● EXERCISE REQUIREMENTS: Could you output each line below precisely as it stands, without the images?

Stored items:
-----
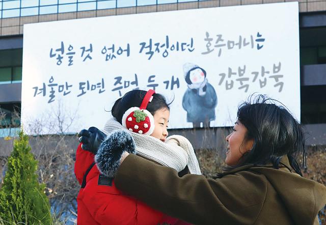 오전 옷으로 갈아입은 서울 교보생명 광화문글판 앞에서 모델들이 포즈를 취하고 있다. 이번 교보생명 광화문글판 ‘겨울편’은 윤동주의 ‘호주머니’에서 발췌했다. 교보생명 관계자는 “어려움 속에서도 주먹을 쥐고 씩씩하게 살아가자는 울림이 시민들에게 위로와 희망이 되길 바란다”고 말했다.
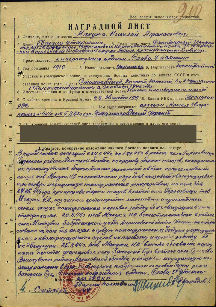 Место службы: 991 стрелковый полк 258 стрелковой дивизии (II);
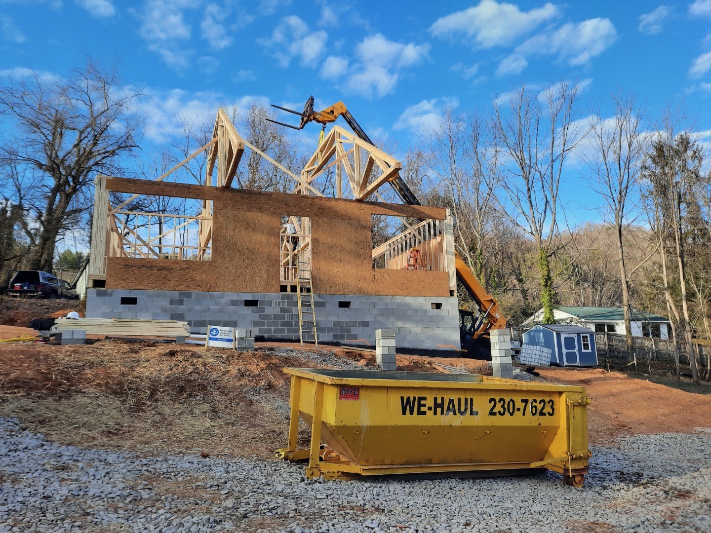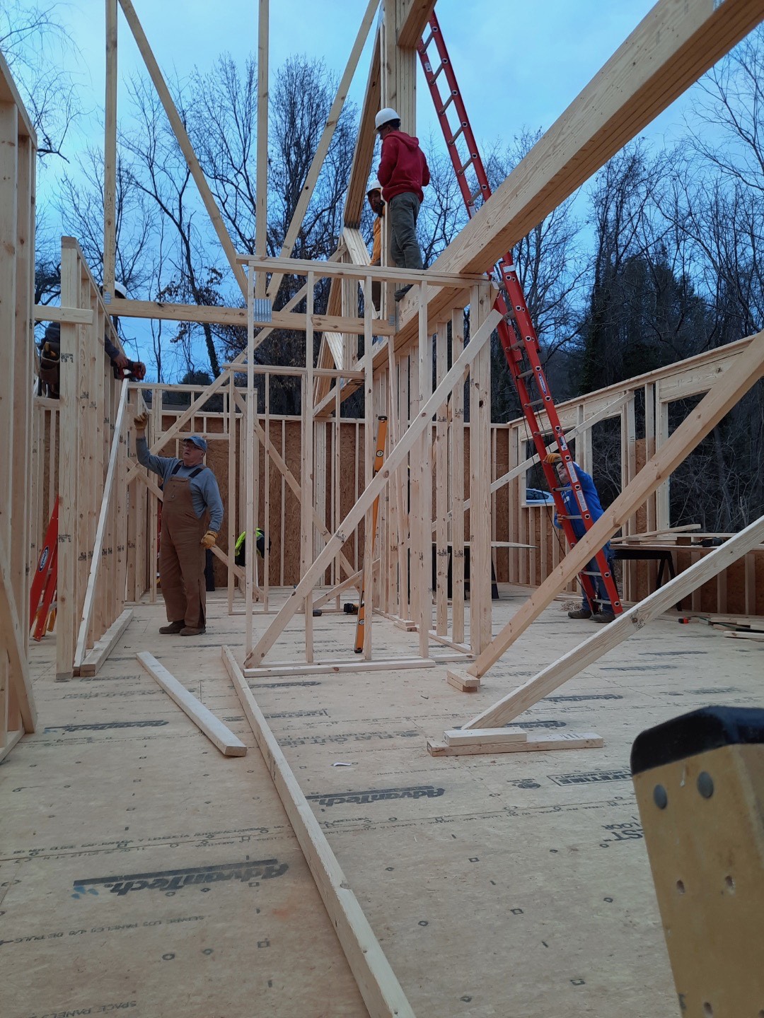 This week volunteers worked at hanging drywall at the Culler House. Volunteers continued with siding installation and drywall work at the Gay House. At the new build/Gyska House, crews began placing floor trusses and plywood decking. All exterior and interior walls were built and placed. By Thursday roof trusses were being set.
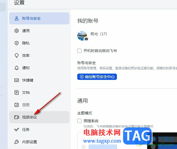 3、第三步,进入飞书的设置页面之后,我们先在左侧列表中点击打开“视频会议”选项
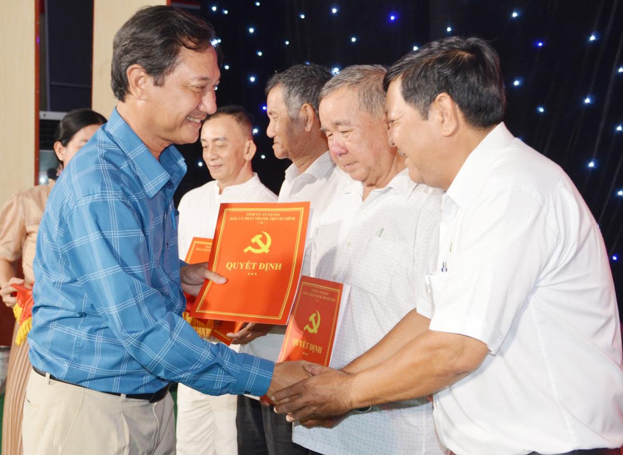 Phó Tổng Biên tập Báo và Phát thanh - Truyền hình tỉnh An Giang Nguyễn Xuân Bằng trao quyết định nghỉ hưu, nghỉ công tác cho các viên chức.
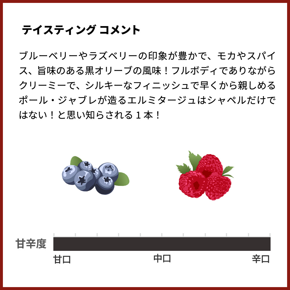 【商品説明】入手困難!フランス最高級ローヌ辛口フルボディ赤ワイン愛好家大注目!コレクター向け作品!高級シラー種100%最高級エルミタージュ愛好家大注目!シラー種100%で芳醇で長く香りが口に残ると言われる究極赤ワインで、ローヌ東岸の高級産地で赤白ともに20年以上の熟成をさせる価値があるとして定評の高級AOCエルミタージュ!ロバート・パーカー氏に「私にとって最も気分を高揚させる瞬間は、マルゴーやペトリュスではなく、熟成した最良のコート・ロティかエルミタージュのグラスを前にする時である」と絶賛させたエルミタージュAOC! しかも造り手は、エルミタージュ・ラ・シャペルでワイン愛好家を虜にするポール・シャブレ・エネ (現オーナーは、メドック格付のシャトー・ラ・ラギューヌと同じ) による最高評価の究極エルミタージュ!奇跡と呼ぶべきテロワール!丘の東側、ミュレ、クロワなどのエルミタージュ東部の区画のブドウを中心にブレンド!樹齢驚異の40~60年のシラー種100%を収量ロマネ・コンティも真っ青の驚異の10~18hl/ha!古い天然の洞窟のVINEUMのセラーでオーク樽 (225L樽) で驚異の15~25ヶ月熟成で造られるコート・デュ・ローヌ地方最高峰ワイナリーのひとつポール・ジャヴレ・エネから、ローヌ最高峰産地「エルミタージュ」の大人気ラ・メゾン・ブルー!ミシュラン3つ星のポール・ボギューズやあのジョエル・ロブションでもオンリスト!世界のガストロノミーからも絶賛される大人気ワイン!この[2021]年でジェームズ・サックリング94点高評価! このメゾン・ブルーは、ブルーベリーやラズベリーの印象が豊かで、モカやスパイス、旨味のある黒オリーブの風味!フルボディでありながらクリーミーで、シルキーなフィニッシュで早くから親しめるポール・ジャブレが造るエルミタージュはシャペルだけではない!と思い知らされる1本!最高峰ローヌ赤“エルミタージュ”が高評価ヴィンテージで最新[2021]年で限定で少量入荷!
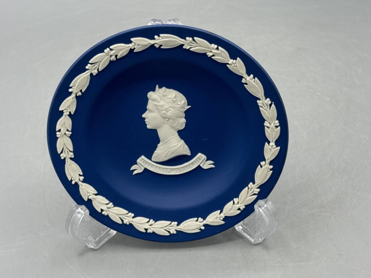 - 英国 ウェッジウッド ジャスパーウェア エリザベス女王 シルバージュビリー 飾り皿 (#-2)
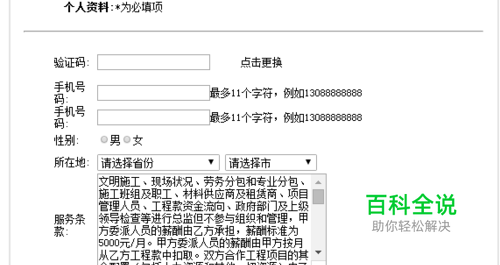 下图的表单就是书写后的样子。可以根据我全部书写的代码进行复制。就可以看到效果了。 <table cellspacing="0" align="center" bordercolor="#E4E4E4" cellpadding="0" border="1" height="800" width="800"> <tr > <td valign="top"> <table align="center" border="0" cellspacing="0" cellpadding="0" width="750"> <tr height="40"> <td width="150" align="right"><strong>个人资料:</strong></td> <td>*为必填项</td> </tr> <tr height="40"> <td colspan="2"><hr></td> </tr> </table> <table align="center" border="0" cellspacing="0" cellpadding="0" width="650" > <tr height="60"> <td width="70">验证码:</td> <td width="150"><input type="text"></td> <td width="50"><img src=""></td> <td align="left">点击更换</td> </tr> </table> <table align="center" border="0" cellspacing="0" cellpadding="0" width="650" > <tr height="35"> <td width="70">手机号码:</td> <td width="160"><input type="text"></td> <td colspan="2">最多11个字符,例如13088888888</td> </tr> </table> <table align="center" border="0" cellspacing="0" cellpadding="0" width="650" > <tr height="35"> <td width="70">手机号码:</td> <td width="160"><input type="text"></td> <td colspan="2">最多11个字符,例如13088888888</td> </tr> </table> <table align="center" border="0" cellspacing="0" cellpadding="0" width="650" > <tr height="35"> <td width="70">性别:</td> <td colspan="3"><input type="radio" name="uSex">男<input type="radio" name="uSex">女</td> </tr> </table> <table align="center" border="0" cellspacing="0" cellpadding="0" width="650" > <tr height="35"> <td width="70">所在地:</td> <td colspan="3"> <select style="width:200px;"> <option>请选择省份</option> </select> <select style="width:150px;"> <option>请选择市</option> </select> </td> </tr> </table> <table align="center" border="0" cellspacing="0" cellpadding="0" width="650" > <tr height="35"> <td width="70">服务条款:</td> <td colspan="3"> <textarea cols="40" rows="8">文明施工、现场状况、劳务分包和专业分包、施工班组及职工、材料供应商及租赁商、项目管理人员、工程款资金流向、政府部门及上级领导检查等进行总监但不参与组织和管理,甲方委派人员的薪酬由乙方承担,薪酬标准为5000元/月。甲方委派人员的薪酬由甲方按月从乙方工程款中扣取。双方合作工程项目的其余配置(包括人力资源和其他一切资源)由乙方按需要自主配置,但必须满足工程和业主的需要,所需一切费用由乙方承担。 三、经营和管理模式 1、双方合作工程项目受甲方统一管理,可以采取灵活的经营策略和管理模式,但总体管理方式不能与甲方的管理原则相违背,同时必须遵守甲方的各项规章制度。 2、乙方作为独立核算实体,自主经营,并对合作工程项目的生产经营活动和经营成果承担责任;甲方仅对双方合作工程项目的各种合同、财务、质量、安全、工期、进度、文明施工、现场状况、劳务分包和专业分包、施工班组及职工、材料供应商及租赁商、项目管理人员、工程款资金流向、政府部门及上级领导检查等进行总监但不参与组织和管理。乙方在经营中必须遵守甲方的整体经营方针和政策,不得损坏甲方的市场形象。 乙方应按国家税收政策及财务法规的规定缴纳本工程税金。双方约定在现有政策下,本工程缴纳的管理费及税金为结算总造价 6.5%。若国家税收政策或财务法规发生修改或变化时,甲方提前通知乙方,乙方需无条件支付国家规定税收增加部分。甲方按实际发生额代收代缴政府部门要求交纳的各种保证金、基金和规费及在本项目合同所发生的技术服务费、印花税等,费用均由乙方自行负担。同</textarea> </td> </tr> </table> <table align="center" border="0" cellspacing="0" cellpadding="0" width="650" > <tr height="35"> <td width="70"></td> <td colspan="3" style="color:#8E0002">甲方提前通知乙方,乙方需无条件支付国家规定税收增加 </td> </tr> </table> <table align="center" border="0" cellspacing="0" cellpadding="0" width="650" > <tr height="35"> <td width="70"></td> <td colspan="3" style="color:#8E0002">甲方提前通知乙方,乙方需无条件支付国家规定税收增加 </td> </tr> </table> <table align="center" border="0" cellspacing="0" cellpadding="0" width="650" > <tr height="35" align="center"> <td colspan="4" style="color:#8E0002"><input type="submit" value="我接受条款"> </td> </tr> </table> </td> </tr> </table> 把这些放在body中反复看一下。就懂得表单代码的书写了。
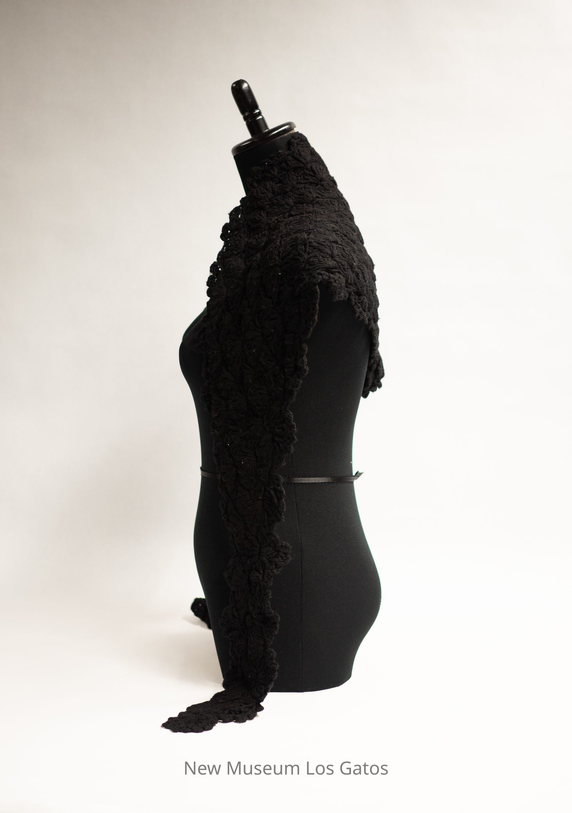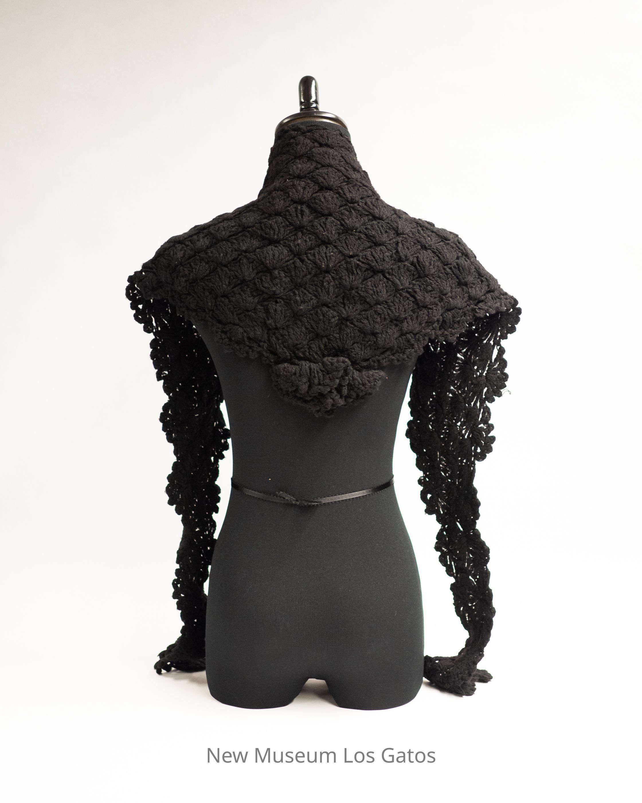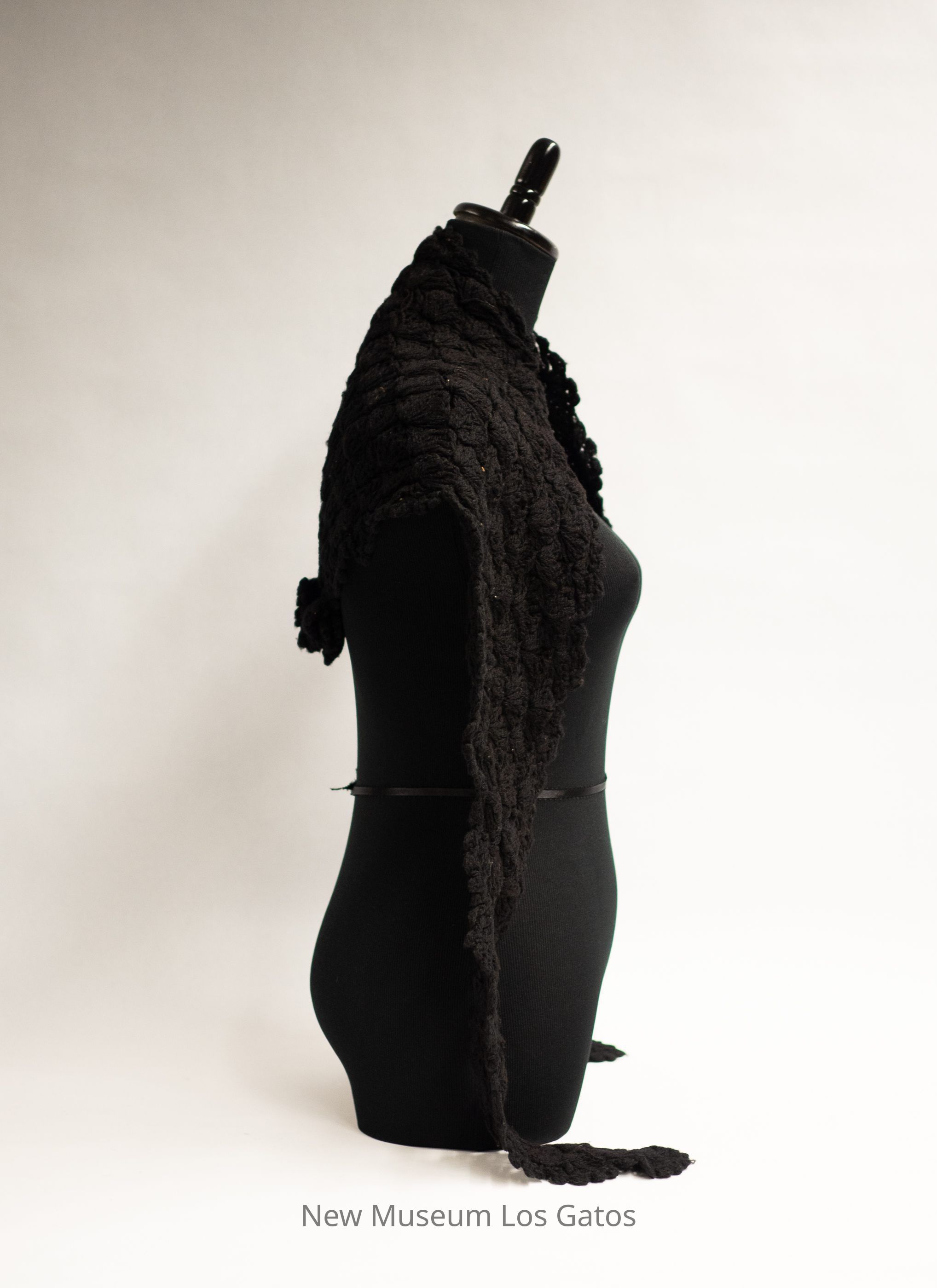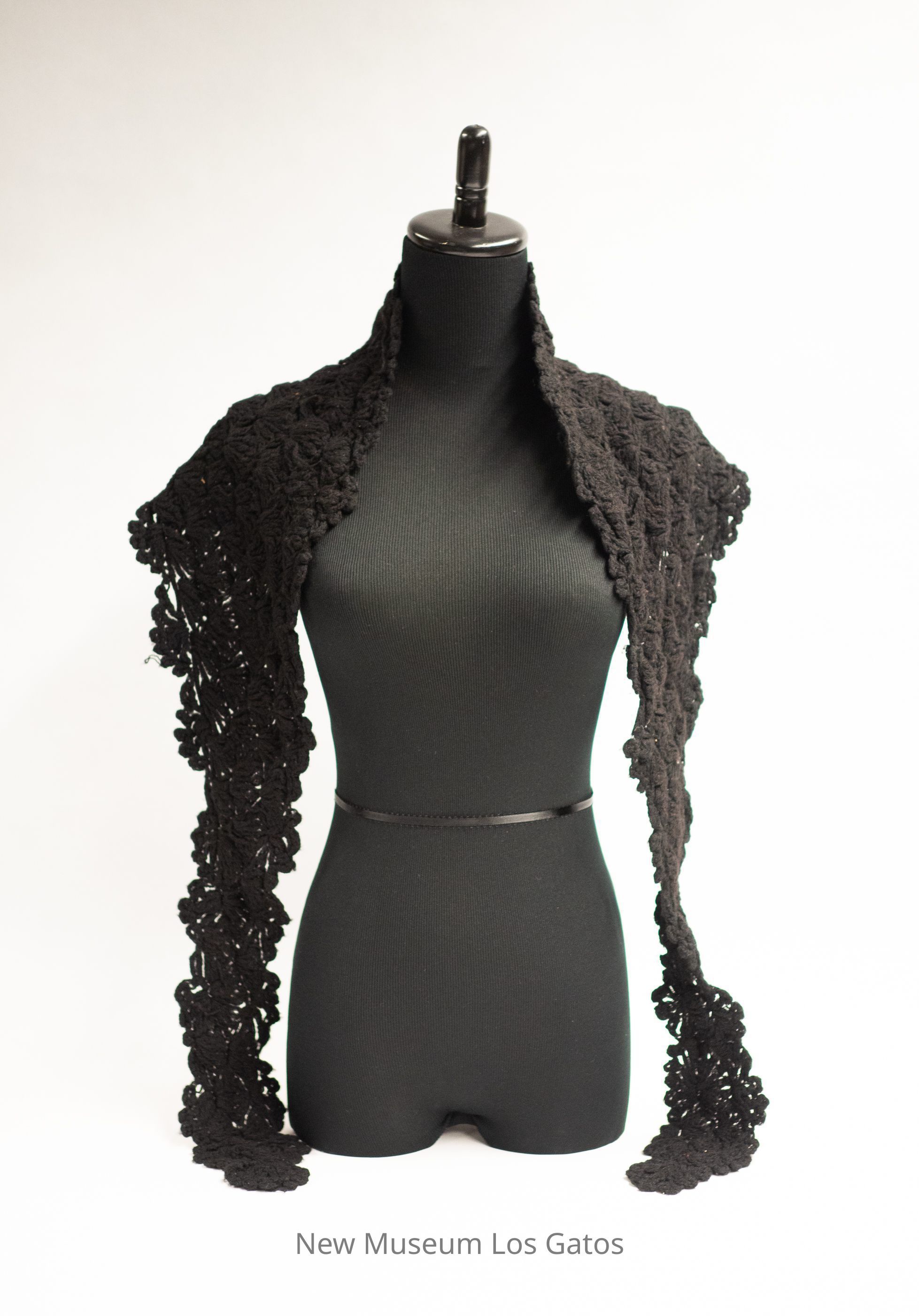 A black, crocheted lace shawl. The shawl is roughly triangular in shape, with long, skinny ends. There is some sort of decorative element, maybe a crocheted flower, at the tip of the triangle.Collection
-----
● EXERCISE OUTPUT:
 오전 옷으로 갈아입은 서울 교보생명 광화문글판 앞에서 모델들이 포즈를 취하고 있다. 이번 교보생명 광화문글판 ‘겨울편’은 윤동주의 ‘호주머니’에서 발췌했다. 교보생명 관계자는 “어려움 속에서도 주먹을 쥐고 씩씩하게 살아가자는 울림이 시민들에게 위로와 희망이 되길 바란다”고 말했다.
 Место службы: 991 стрелковый полк 258 стрелковой дивизии (II);
 This week volunteers worked at hanging drywall at the Culler House. Volunteers continued with siding installation and drywall work at the Gay House. At the new build/Gyska House, crews began placing floor trusses and plywood decking. All exterior and interior walls were built and placed. By Thursday roof trusses were being set.
 3、第三步,进入飞书的设置页面之后,我们先在左侧列表中点击打开“视频会议”选项
 Phó Tổng Biên tập Báo và Phát thanh - Truyền hình tỉnh An Giang Nguyễn Xuân Bằng trao quyết định nghỉ hưu, nghỉ công tác cho các viên chức.
 【商品説明】入手困難!フランス最高級ローヌ辛口フルボディ赤ワイン愛好家大注目!コレクター向け作品!高級シラー種100%最高級エルミタージュ愛好家大注目!シラー種100%で芳醇で長く香りが口に残ると言われる究極赤ワインで、ローヌ東岸の高級産地で赤白ともに20年以上の熟成をさせる価値があるとして定評の高級AOCエルミタージュ!ロバート・パーカー氏に「私にとって最も気分を高揚させる瞬間は、マルゴーやペトリュスではなく、熟成した最良のコート・ロティかエルミタージュのグラスを前にする時である」と絶賛させたエルミタージュAOC! しかも造り手は、エルミタージュ・ラ・シャペルでワイン愛好家を虜にするポール・シャブレ・エネ (現オーナーは、メドック格付のシャトー・ラ・ラギューヌと同じ) による最高評価の究極エルミタージュ!奇跡と呼ぶべきテロワール!丘の東側、ミュレ、クロワなどのエルミタージュ東部の区画のブドウを中心にブレンド!樹齢驚異の40~60年のシラー種100%を収量ロマネ・コンティも真っ青の驚異の10~18hl/ha!古い天然の洞窟のVINEUMのセラーでオーク樽 (225L樽) で驚異の15~25ヶ月熟成で造られるコート・デュ・ローヌ地方最高峰ワイナリーのひとつポール・ジャヴレ・エネから、ローヌ最高峰産地「エルミタージュ」の大人気ラ・メゾン・ブルー!ミシュラン3つ星のポール・ボギューズやあのジョエル・ロブションでもオンリスト!世界のガストロノミーからも絶賛される大人気ワイン!この[2021]年でジェームズ・サックリング94点高評価! このメゾン・ブルーは、ブルーベリーやラズベリーの印象が豊かで、モカやスパイス、旨味のある黒オリーブの風味!フルボディでありながらクリーミーで、シルキーなフィニッシュで早くから親しめるポール・ジャブレが造るエルミタージュはシャペルだけではない!と思い知らされる1本!最高峰ローヌ赤“エルミタージュ”が高評価ヴィンテージで最新[2021]年で限定で少量入荷!
 - 英国 ウェッジウッド ジャスパーウェア エリザベス女王 シルバージュビリー 飾り皿 (#-2)
 下图的表单就是书写后的样子。可以根据我全部书写的代码进行复制。就可以看到效果了。 <table cellspacing="0" align="center" bordercolor="#E4E4E4" cellpadding="0" border="1" height="800" width="800"> <tr > <td valign="top"> <table align="center" border="0" cellspacing="0" cellpadding="0" width="750"> <tr height="40"> <td width="150" align="right"><strong>个人资料:</strong></td> <td>*为必填项</td> </tr> <tr height="40"> <td colspan="2"><hr></td> </tr> </table> <table align="center" border="0" cellspacing="0" cellpadding="0" width="650" > <tr height="60"> <td width="70">验证码:</td> <td width="150"><input type="text"></td> <td width="50"><img src=""></td> <td align="left">点击更换</td> </tr> </table> <table align="center" border="0" cellspacing="0" cellpadding="0" width="650" > <tr height="35"> <td width="70">手机号码:</td> <td width="160"><input type="text"></td> <td colspan="2">最多11个字符,例如13088888888</td> </tr> </table> <table align="center" border="0" cellspacing="0" cellpadding="0" width="650" > <tr height="35"> <td width="70">手机号码:</td> <td width="160"><input type="text"></td> <td colspan="2">最多11个字符,例如13088888888</td> </tr> </table> <table align="center" border="0" cellspacing="0" cellpadding="0" width="650" > <tr height="35"> <td width="70">性别:</td> <td colspan="3"><input type="radio" name="uSex">男<input type="radio" name="uSex">女</td> </tr> </table> <table align="center" border="0" cellspacing="0" cellpadding="0" width="650" > <tr height="35"> <td width="70">所在地:</td> <td colspan="3"> <select style="width:200px;"> <option>请选择省份</option> </select> <select style="width:150px;"> <option>请选择市</option> </select> </td> </tr> </table> <table align="center" border="0" cellspacing="0" cellpadding="0" width="650" > <tr height="35"> <td width="70">服务条款:</td> <td colspan="3"> <textarea cols="40" rows="8">文明施工、现场状况、劳务分包和专业分包、施工班组及职工、材料供应商及租赁商、项目管理人员、工程款资金流向、政府部门及上级领导检查等进行总监但不参与组织和管理,甲方委派人员的薪酬由乙方承担,薪酬标准为5000元/月。甲方委派人员的薪酬由甲方按月从乙方工程款中扣取。双方合作工程项目的其余配置(包括人力资源和其他一切资源)由乙方按需要自主配置,但必须满足工程和业主的需要,所需一切费用由乙方承担。 三、经营和管理模式 1、双方合作工程项目受甲方统一管理,可以采取灵活的经营策略和管理模式,但总体管理方式不能与甲方的管理原则相违背,同时必须遵守甲方的各项规章制度。 2、乙方作为独立核算实体,自主经营,并对合作工程项目的生产经营活动和经营成果承担责任;甲方仅对双方合作工程项目的各种合同、财务、质量、安全、工期、进度、文明施工、现场状况、劳务分包和专业分包、施工班组及职工、材料供应商及租赁商、项目管理人员、工程款资金流向、政府部门及上级领导检查等进行总监但不参与组织和管理。乙方在经营中必须遵守甲方的整体经营方针和政策,不得损坏甲方的市场形象。 乙方应按国家税收政策及财务法规的规定缴纳本工程税金。双方约定在现有政策下,本工程缴纳的管理费及税金为结算总造价 6.5%。若国家税收政策或财务法规发生修改或变化时,甲方提前通知乙方,乙方需无条件支付国家规定税收增加部分。甲方按实际发生额代收代缴政府部门要求交纳的各种保证金、基金和规费及在本项目合同所发生的技术服务费、印花税等,费用均由乙方自行负担。同</textarea> </td> </tr> </table> <table align="center" border="0" cellspacing="0" cellpadding="0" width="650" > <tr height="35"> <td width="70"></td> <td colspan="3" style="color:#8E0002">甲方提前通知乙方,乙方需无条件支付国家规定税收增加 </td> </tr> </table> <table align="center" border="0" cellspacing="0" cellpadding="0" width="650" > <tr height="35"> <td width="70"></td> <td colspan="3" style="color:#8E0002">甲方提前通知乙方,乙方需无条件支付国家规定税收增加 </td> </tr> </table> <table align="center" border="0" cellspacing="0" cellpadding="0" width="650" > <tr height="35" align="center"> <td colspan="4" style="color:#8E0002"><input type="submit" value="我接受条款"> </td> </tr> </table> </td> </tr> </table> 把这些放在body中反复看一下。就懂得表单代码的书写了。
 A black, crocheted lace shawl. The shawl is roughly triangular in shape, with long, skinny ends. There is some sort of decorative element, maybe a crocheted flower, at the tip of the triangle.Collection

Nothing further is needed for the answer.